Genere: Dark, Introspettivo, Sentimentale.
Pairing: Het (unilaterale).
Note: Tematiche delicate.

 

 

Groovy

 

 

« Partiamo dalla camminata: mai scoordinata, stazione eretta e sguardo orizzontale; le braccia devono essere “attaccate” alle spalle e non sventolare con vita autonoma. Nell'incedere si eviti di ancheggiare e soprattutto di battere rumorosamente i tacchi: non siamo a una parata. Al momento di sedersi, mai abbandonarsi a peso morto neanche si avesse trainato un aratro, né allargare o stendere le gambe o accavallare la caviglia sul ginocchio: non è signorile. Mantenere sempre la schiena dritta; a nessuno piace la vista di un miserabile rattrappito su se stesso.

A smascherare il livello di autostima non è meno importante come si dà la mano, giacché questo gesto è la prima, indelebile impressione in un incontro: non sia la mano protesa un mollusco flaccido e nemmeno una tenaglia. Giammai sia essa umidiccia o appiccicosa! Nulla è più ripugnante. In tal caso è bene dimenticare ogni chance di salvezza e tentare la fortuna col prossimo interlocutore. Corrispondere categoricamente una stretta offerta, rifiutarsi è un gesto di imperdonabile villaneria. Se si indossano i guanti, rammentarsi di sfilarli prima del saluto; soltanto nella circostanza in cui gli arti siano impegnati col bottino dell'assalto al buffet possono sufficere un sorriso e un cenno del capo.

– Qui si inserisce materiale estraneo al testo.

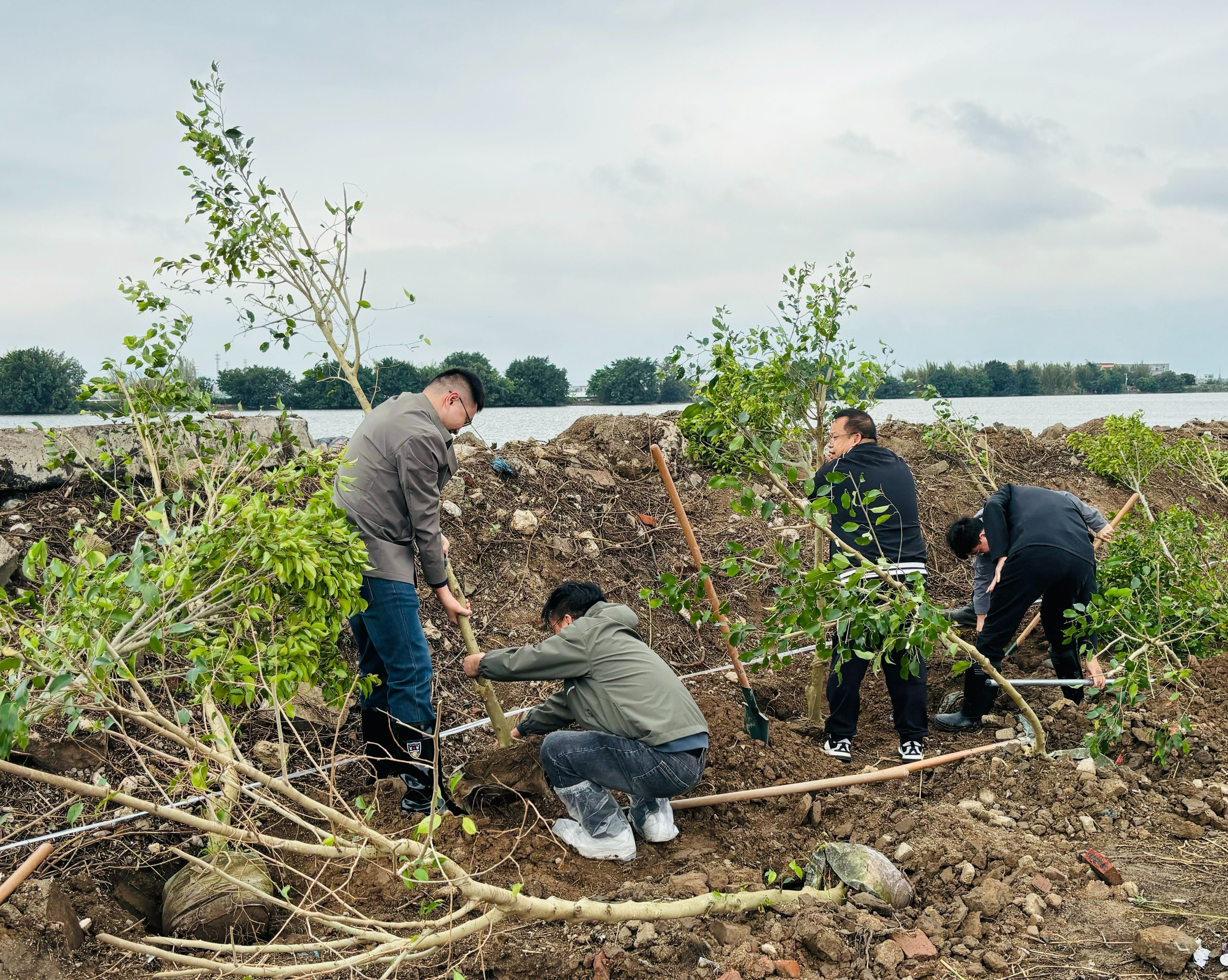 當(dāng)天下午3時(shí)30分,一眾黨員干部和社區(qū)志愿者早早來(lái)到北臺(tái)涌和石岐河交界處。大家三五人一組,揮鍬鏟土、扶苗填坑、提桶澆水,分工協(xié)作,干勁十足。不一會(huì)兒,垂葉榕、落羽杉等100多棵適宜親水環(huán)境的優(yōu)質(zhì)樹種在河岸兩邊“安家落戶”。這些新綠不僅能夠固土護(hù)坡、涵養(yǎng)水源,未來(lái)更將與清澈河水相映成趣,形成一道優(yōu)美的生態(tài)景觀廊道?!霸?jīng)這里又臟又臭,讓人不敢靠近?,F(xiàn)在黨委、政府把河涌治理好了,我們住在附近的街坊,也要出一份力,將兩岸風(fēng)景打扮得更漂亮。”社區(qū)志愿者李先生如是說(shuō)。

Sorridere sempre quando si viene presentati o, evento tutt'altro che raro in un gran gala, ci si presenta da soli. Il sorriso è un atteggiamento fondamentale, a prescindere dal malumore: chi ci sta di fronte non ha ragione di trovarsi un broncio puntato contro, né gli interessa conoscerla. Il sorriso deve apparire naturale e spontaneo, ma anche moderato, senza esagerare: tenere l’intera arcata dentale costantemente in vista non gioverà a un’apparenza più socievole, nonché rassicurante, agli occhi degli altri ospiti.

E, cortesia non meno gradita, non sia mai che si sbadigli mentre qualcuno ci sta rivolgendo la parola. »

Lucilla arrossì copiosamente, colta in flagrante. « Mi dispiace. »

Il fantasma riconobbe tra sé di aver ucciso per molto meno, ma sorvolò magnanimo sull'incidente di percorso, arrestando il ripetitivo incedere di fronte al focolare vuoto per studiare il faccino stanco e ostinato. « Non è certo questa l'ora più consona per le lezioni di etichetta. » I boo non avevano bisogno di dormire, ma, nella loro emulazione della quotidianità terrena, avevano conservato l'abitudine di destinare una parte della giornata al riposo, o meglio, a uno stato di torpore più affine al dormiveglia che al sonno vero e proprio: un esercizio utile al ristoro mentale, oltre che al mantenimento dell’ordine nei ritmi giornalieri. Gli spettri, tuttavia, riposavano nelle ore di luce e al momento era notte fonda: Re Boo aveva già messo in conto la resistenza fallace della giovane respirante.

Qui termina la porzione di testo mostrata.